**Work instruction:** After locating the line that contains "With powerful performance" in the records below, write out exactly that line and each line after it through the one that contains "Thread Front Logo", and nothing else.

----------------------------------------

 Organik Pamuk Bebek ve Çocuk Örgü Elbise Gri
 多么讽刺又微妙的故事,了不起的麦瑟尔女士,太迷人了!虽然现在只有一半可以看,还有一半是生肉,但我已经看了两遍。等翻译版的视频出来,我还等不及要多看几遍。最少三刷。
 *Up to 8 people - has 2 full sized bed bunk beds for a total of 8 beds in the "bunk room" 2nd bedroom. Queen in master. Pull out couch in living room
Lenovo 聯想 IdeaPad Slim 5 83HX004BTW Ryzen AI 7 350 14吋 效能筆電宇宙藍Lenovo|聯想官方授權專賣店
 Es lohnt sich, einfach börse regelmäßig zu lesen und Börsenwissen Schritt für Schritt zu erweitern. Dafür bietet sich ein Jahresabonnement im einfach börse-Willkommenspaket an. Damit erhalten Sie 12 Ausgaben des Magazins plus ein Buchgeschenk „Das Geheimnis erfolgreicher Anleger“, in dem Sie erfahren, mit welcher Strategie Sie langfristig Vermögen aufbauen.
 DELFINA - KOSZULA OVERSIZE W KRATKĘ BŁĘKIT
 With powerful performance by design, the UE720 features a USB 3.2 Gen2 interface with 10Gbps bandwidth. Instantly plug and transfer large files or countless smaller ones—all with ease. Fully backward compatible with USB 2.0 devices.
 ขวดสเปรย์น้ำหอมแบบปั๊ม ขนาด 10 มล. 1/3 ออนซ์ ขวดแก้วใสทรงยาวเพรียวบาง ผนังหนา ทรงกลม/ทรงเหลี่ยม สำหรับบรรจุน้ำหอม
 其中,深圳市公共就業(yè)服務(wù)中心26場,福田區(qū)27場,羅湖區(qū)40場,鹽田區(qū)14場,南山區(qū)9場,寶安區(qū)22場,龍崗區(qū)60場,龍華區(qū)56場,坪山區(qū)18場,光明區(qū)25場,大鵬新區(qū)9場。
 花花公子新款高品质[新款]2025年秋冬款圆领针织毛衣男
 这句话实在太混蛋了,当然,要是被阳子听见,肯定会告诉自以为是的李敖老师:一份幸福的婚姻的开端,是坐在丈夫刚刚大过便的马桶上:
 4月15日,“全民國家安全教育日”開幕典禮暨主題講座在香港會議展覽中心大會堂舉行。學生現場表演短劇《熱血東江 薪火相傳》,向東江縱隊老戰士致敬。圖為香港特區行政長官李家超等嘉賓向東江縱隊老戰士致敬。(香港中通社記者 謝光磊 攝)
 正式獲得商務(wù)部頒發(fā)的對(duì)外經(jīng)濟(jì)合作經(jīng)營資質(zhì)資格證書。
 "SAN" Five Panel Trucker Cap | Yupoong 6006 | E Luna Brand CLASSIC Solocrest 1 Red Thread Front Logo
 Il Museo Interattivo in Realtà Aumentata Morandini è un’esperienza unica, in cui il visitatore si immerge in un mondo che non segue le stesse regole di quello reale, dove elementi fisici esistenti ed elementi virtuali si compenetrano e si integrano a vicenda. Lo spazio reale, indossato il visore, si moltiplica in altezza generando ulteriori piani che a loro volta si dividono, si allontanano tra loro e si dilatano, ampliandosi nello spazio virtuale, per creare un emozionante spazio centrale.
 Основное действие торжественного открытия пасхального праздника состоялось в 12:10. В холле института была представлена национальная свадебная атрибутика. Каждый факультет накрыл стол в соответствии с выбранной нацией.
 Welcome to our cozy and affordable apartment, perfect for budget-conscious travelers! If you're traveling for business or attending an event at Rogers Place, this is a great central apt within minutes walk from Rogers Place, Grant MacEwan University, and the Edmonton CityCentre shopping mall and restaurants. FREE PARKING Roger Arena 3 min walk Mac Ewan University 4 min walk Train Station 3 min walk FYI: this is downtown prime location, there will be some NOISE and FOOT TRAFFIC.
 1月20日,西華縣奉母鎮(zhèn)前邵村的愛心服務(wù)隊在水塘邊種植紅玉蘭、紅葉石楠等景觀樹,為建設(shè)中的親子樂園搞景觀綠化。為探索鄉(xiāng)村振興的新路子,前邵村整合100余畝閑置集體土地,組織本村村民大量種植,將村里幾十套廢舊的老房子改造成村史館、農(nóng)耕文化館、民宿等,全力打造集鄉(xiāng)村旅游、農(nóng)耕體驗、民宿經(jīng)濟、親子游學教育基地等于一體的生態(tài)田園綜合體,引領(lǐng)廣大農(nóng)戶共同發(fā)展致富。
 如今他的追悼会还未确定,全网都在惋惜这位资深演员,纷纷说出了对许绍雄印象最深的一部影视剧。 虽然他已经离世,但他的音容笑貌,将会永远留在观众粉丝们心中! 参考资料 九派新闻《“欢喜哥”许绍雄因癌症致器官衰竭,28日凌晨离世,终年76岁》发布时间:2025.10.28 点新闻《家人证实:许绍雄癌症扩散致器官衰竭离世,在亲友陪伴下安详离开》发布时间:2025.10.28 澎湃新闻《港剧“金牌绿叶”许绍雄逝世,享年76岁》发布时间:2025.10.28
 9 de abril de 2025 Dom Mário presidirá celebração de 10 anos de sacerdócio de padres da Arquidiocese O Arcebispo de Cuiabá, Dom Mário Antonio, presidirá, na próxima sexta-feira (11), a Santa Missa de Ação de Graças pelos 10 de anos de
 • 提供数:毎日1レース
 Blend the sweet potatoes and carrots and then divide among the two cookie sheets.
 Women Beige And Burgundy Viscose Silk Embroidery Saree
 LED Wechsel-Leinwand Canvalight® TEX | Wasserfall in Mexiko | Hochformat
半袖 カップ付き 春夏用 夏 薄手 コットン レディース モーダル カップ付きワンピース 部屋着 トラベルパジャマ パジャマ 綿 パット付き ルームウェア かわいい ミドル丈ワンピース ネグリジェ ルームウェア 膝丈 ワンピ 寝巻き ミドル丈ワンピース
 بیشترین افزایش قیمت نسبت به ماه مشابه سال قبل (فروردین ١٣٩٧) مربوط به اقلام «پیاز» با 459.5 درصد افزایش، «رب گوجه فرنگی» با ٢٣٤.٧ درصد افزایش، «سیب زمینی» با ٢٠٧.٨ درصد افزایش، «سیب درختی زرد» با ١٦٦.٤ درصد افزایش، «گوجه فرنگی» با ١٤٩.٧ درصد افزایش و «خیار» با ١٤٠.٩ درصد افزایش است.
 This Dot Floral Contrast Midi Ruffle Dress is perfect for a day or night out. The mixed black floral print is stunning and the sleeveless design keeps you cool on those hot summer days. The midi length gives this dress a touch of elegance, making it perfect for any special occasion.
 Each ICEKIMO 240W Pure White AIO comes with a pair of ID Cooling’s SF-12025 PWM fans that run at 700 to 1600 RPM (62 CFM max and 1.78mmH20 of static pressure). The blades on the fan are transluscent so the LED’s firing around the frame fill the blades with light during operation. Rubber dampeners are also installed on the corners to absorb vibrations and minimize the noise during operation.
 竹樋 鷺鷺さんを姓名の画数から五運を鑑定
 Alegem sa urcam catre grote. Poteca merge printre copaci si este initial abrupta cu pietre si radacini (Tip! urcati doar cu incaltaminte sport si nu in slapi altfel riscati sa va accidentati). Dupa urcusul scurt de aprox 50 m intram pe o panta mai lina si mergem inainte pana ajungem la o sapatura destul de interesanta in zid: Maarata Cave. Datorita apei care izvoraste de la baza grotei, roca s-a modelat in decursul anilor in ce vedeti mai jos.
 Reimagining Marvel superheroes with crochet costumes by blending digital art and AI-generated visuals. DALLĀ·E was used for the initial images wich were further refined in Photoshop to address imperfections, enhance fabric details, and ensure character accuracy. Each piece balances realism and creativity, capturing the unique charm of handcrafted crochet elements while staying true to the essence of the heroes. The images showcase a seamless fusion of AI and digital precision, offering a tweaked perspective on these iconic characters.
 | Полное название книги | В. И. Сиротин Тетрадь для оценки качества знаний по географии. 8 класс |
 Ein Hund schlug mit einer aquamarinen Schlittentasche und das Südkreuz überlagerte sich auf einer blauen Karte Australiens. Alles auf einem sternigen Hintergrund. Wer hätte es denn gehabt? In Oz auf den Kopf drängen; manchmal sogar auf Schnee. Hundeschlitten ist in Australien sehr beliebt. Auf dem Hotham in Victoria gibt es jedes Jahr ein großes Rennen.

----------------------------------------

**Output:**
 With powerful performance by design, the UE720 features a USB 3.2 Gen2 interface with 10Gbps bandwidth. Instantly plug and transfer large files or countless smaller ones—all with ease. Fully backward compatible with USB 2.0 devices.
 ขวดสเปรย์น้ำหอมแบบปั๊ม ขนาด 10 มล. 1/3 ออนซ์ ขวดแก้วใสทรงยาวเพรียวบาง ผนังหนา ทรงกลม/ทรงเหลี่ยม สำหรับบรรจุน้ำหอม
 其中,深圳市公共就業(yè)服務(wù)中心26場,福田區(qū)27場,羅湖區(qū)40場,鹽田區(qū)14場,南山區(qū)9場,寶安區(qū)22場,龍崗區(qū)60場,龍華區(qū)56場,坪山區(qū)18場,光明區(qū)25場,大鵬新區(qū)9場。
 花花公子新款高品质[新款]2025年秋冬款圆领针织毛衣男
 这句话实在太混蛋了,当然,要是被阳子听见,肯定会告诉自以为是的李敖老师:一份幸福的婚姻的开端,是坐在丈夫刚刚大过便的马桶上:
 4月15日,“全民國家安全教育日”開幕典禮暨主題講座在香港會議展覽中心大會堂舉行。學生現場表演短劇《熱血東江 薪火相傳》,向東江縱隊老戰士致敬。圖為香港特區行政長官李家超等嘉賓向東江縱隊老戰士致敬。(香港中通社記者 謝光磊 攝)
 正式獲得商務(wù)部頒發(fā)的對(duì)外經(jīng)濟(jì)合作經(jīng)營資質(zhì)資格證書。
 "SAN" Five Panel Trucker Cap | Yupoong 6006 | E Luna Brand CLASSIC Solocrest 1 Red Thread Front Logo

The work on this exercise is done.